(Directions): Look below for the line with "magasság: 2,00 m"; begin the copy there and stop after the line with "在Pinchbench基准上,Nemotron 3 Super一骑绝尘,稳坐开源第一。", keeping the text exact and the pictures out.

(Given records):
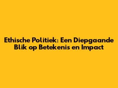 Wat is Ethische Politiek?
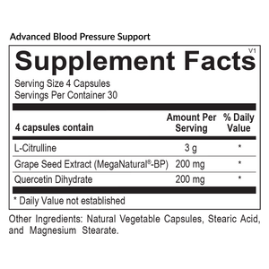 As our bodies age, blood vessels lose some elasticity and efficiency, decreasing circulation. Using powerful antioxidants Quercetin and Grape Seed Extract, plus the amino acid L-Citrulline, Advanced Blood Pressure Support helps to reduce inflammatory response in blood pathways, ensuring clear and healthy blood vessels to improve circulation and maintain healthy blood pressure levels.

==

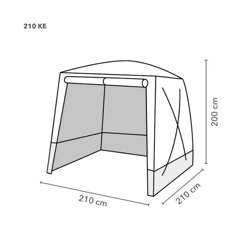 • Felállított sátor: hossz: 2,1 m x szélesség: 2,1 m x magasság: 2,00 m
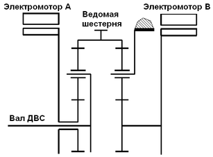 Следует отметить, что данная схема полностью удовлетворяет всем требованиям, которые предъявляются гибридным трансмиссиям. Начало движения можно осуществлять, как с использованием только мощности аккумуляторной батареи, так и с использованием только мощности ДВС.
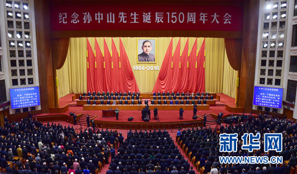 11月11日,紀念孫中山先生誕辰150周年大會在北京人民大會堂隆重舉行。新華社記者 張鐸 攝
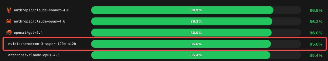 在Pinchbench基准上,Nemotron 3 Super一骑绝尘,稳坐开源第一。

(Problem solution):
 • Felállított sátor: hossz: 2,1 m x szélesség: 2,1 m x magasság: 2,00 m
 Следует отметить, что данная схема полностью удовлетворяет всем требованиям, которые предъявляются гибридным трансмиссиям. Начало движения можно осуществлять, как с использованием только мощности аккумуляторной батареи, так и с использованием только мощности ДВС.
 11月11日,紀念孫中山先生誕辰150周年大會在北京人民大會堂隆重舉行。新華社記者 張鐸 攝
 在Pinchbench基准上,Nemotron 3 Super一骑绝尘,稳坐开源第一。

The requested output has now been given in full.